Execute the same SELECT.

test=> SELECT * FROM table_cache_ok WHERE a = 1;
 a
---
 1
(1 row)

This time the log message shows that the result of SELECT is from caches.

LOG:   query result fetched from cache. statement: SELECT * FROM table_cache_ok WHERE a = 1;

More fun with query cache

Auto invalidation

When a table is updated

When a table is updated, the cached results of SELECT from the table can be outdated. Pgpool discards all the cache of that table automatically by default.

Configuration

Specify the action by "memqcache_auto_cache_invalidation". It's set "on" by default.

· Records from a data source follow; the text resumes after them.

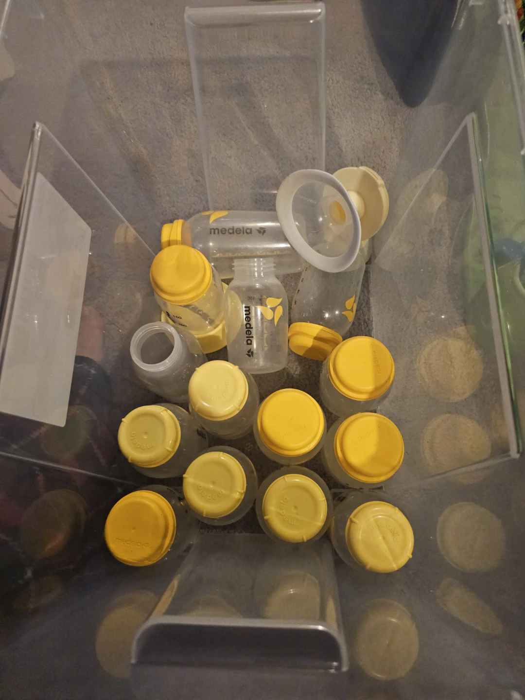 Collection of Medela breast milk storage bottles. Thirteen 5oz and one 9oz bottle. Perfect for storing pumped milk for your little one!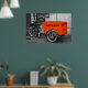 Unusual bike with a message: Dare to be different. (you can change of erase the message). A touch of orange in a black and white décor.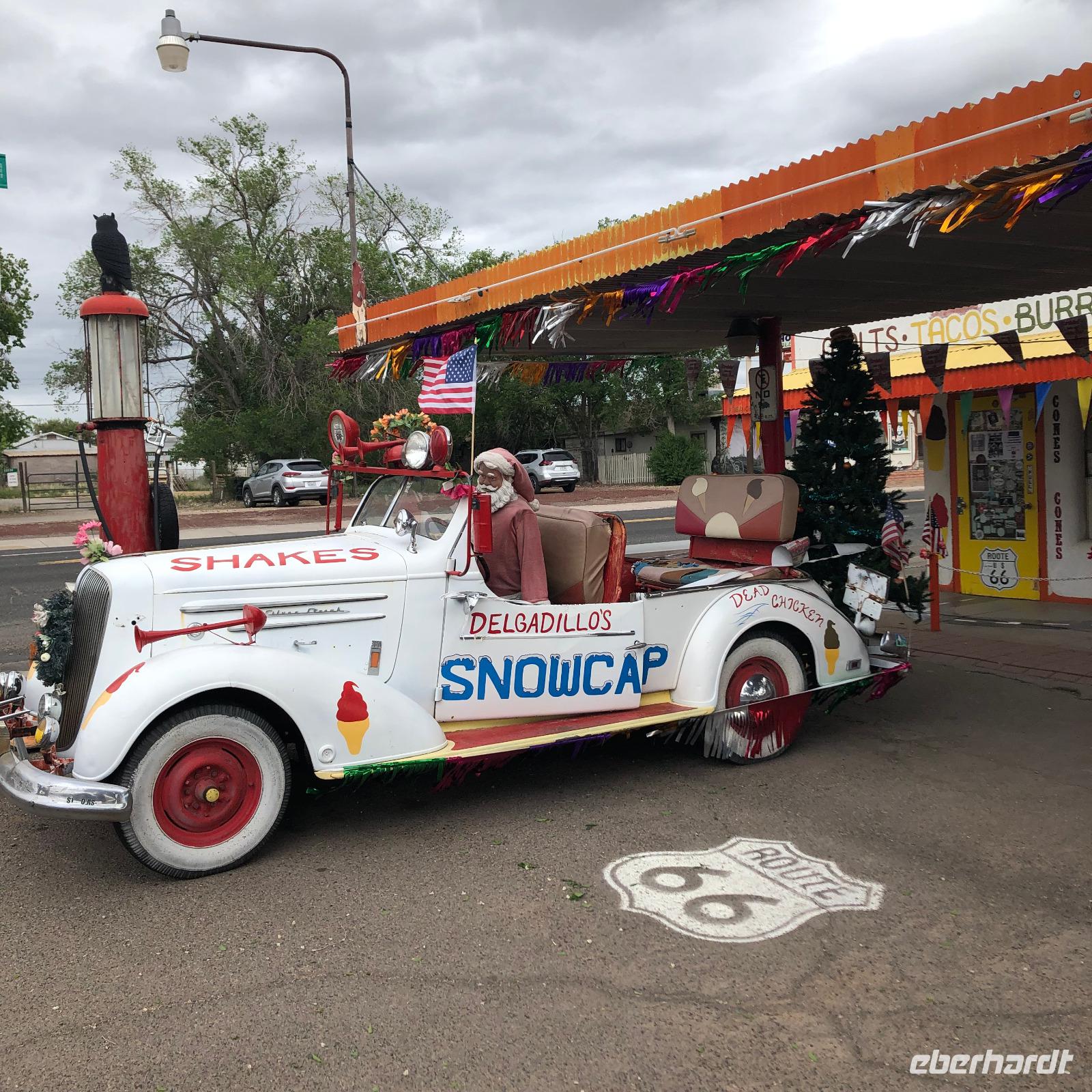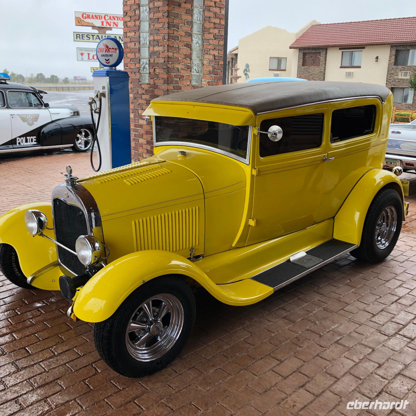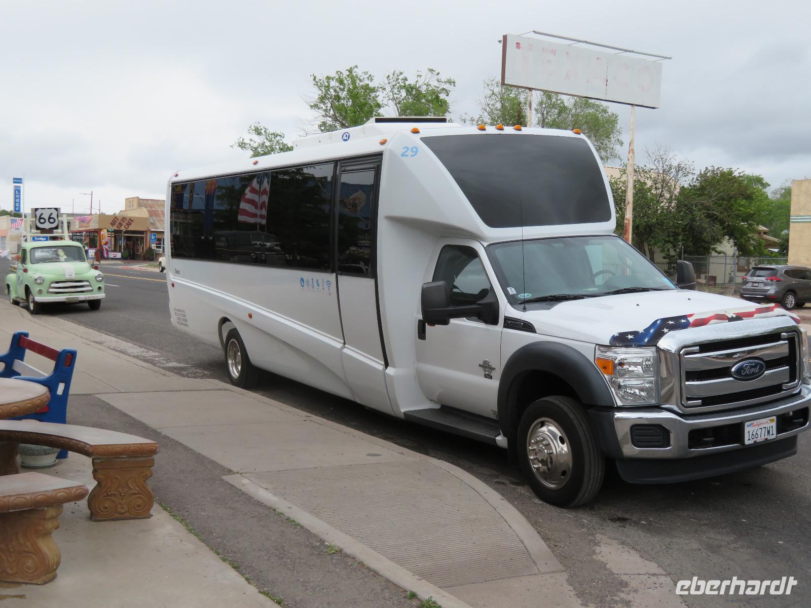 Nachdem wir unsere erste kleine Casinoerfahrung machen durften und die Nacht in Laughlin verbrachten, starteten wir heute zu einem der vielen Highlights dieser Rundreise durch den Westen der USA. Das heutige Ziel: der Grand Canyon Nationalpark. Der wohl bekannteste Nationalpark der USA wartete auf unseren Besuch am Nachmittag. Wir starteten bereits kurz nach 8 Uhr vom Hotel, da wir eine ganze Weile unterwegs sein werden. Zunächst hielten wir aber für einen interessanten Fotostopp in der Stadt Seligman. Seligman ist bekannt durch seine direkte Lage an der berühmten Route 66. Es wurden viele Fotos gemacht und Andenken eingekauft, um eine Erinnerung an diese weltweit bekannte Straße zu haben. Als alle wieder am Bus eintrafen, setzten wir unsere Reise in Richtung Grand Canyon fort. Am Nachmittag erreichten wir dann auch den Nationalpark und fuhren zu einer Lodge mit Zugang zum Canyonrand. Doch leider machte uns das Wetter und der damit verbundene Nebel einen Strich durch die Rechnung. Die Sicht war sehr eingeschränkt. So versuchten wir uns in der Lodge etwas aufzuhalten, um zum einen etwas über die ersten Entdecker des Grand Canyon zu erfahren und zum anderen zu hoffen, dass der Nebel sich lichtet. Da das Wetter uns diesen Gefallen leider nicht erfüllen wollte, entschieden wir gemeinsam mit der Reiseleiterin am nächsten Morgen nochmal einen Stopp am Grand Canyon zu machen. Damit wir an diesem Tag nicht ganz auf das Ambiente verzichten mussten, hielten wir auf dem Weg zu unserem Hotel an einem IMAX-Kino, welches einen wunderschönen Film zum Grand Canyon Nationalpark angeboten hat. Unser Abendessen haben wir heute in einem Steakhouse unweit des Hotels. Die Ausstattung und Gestaltung der Lokalität bieten ein schönes Westerngefühl.

# If on, invalidation of query cache is triggered by corresponding
# DDL/DML/DCL(and memqcache_expire).  If off, it is only triggered
# by memqcache_expire.  on by default.
memqcache_auto_cache_invalidation = on

Restart pgpool after changing the parameter's value.

Trying the cache invalidation

Confirm that you can get the result of a SELECT from cache.

test=> SELECT * FROM table_cache_ok WHERE a = 1;
LOG:   query result fetched from cache. statement: SELECT * FROM table_cache_ok WHERE a = 1;

Execute INSERT INTO the table.

test=> INSERT INTO table_cache_ok VALUES (5);
INSERT 0 1

Execute the same SELECT, and the SELECT is executed exactly.

test=> SELECT * FROM table_cache_ok WHERE a = 1;
LOG:   DB node id: 0 backend pid: 11203 statement: SELECT * FROM table_cache_ok WHERE a = 1;

Cache expiration

Pgpool discards caches older than the specified expiration period.

Configuration

Specify the expiration period by "memqcache_expire". Default is 0 seconds, but set 5 seconds to confirm for trial this time.

# Memory cache entry life time specified in seconds.
# 0 means infinite life time. 0 by default.
memqcache_expire = 5

Restart pgpool after changing the parameter's value.

Try

Confirm that you can get the result of a SELECT from cache.

test=> SELECT * FROM table_cache_ok WHERE a = 1;
LOG:   query result fetched from cache. statement: SELECT * FROM table_cache_ok WHERE a = 1;

Wait in 5 seconds...

Execute the same SELECT, and the SELECT is executed exactly.

test=> SELECT * FROM table_cache_ok WHERE a = 1;
LOG:   DB node id: 0 backend pid: 11203 statement: SELECT * FROM table_cache_ok WHERE a = 1;

White list and black list

Cache the result of some tables only

Configuration

If you want to cache the result of only some tabeles, specify the tables by "white_memqcache_table_list".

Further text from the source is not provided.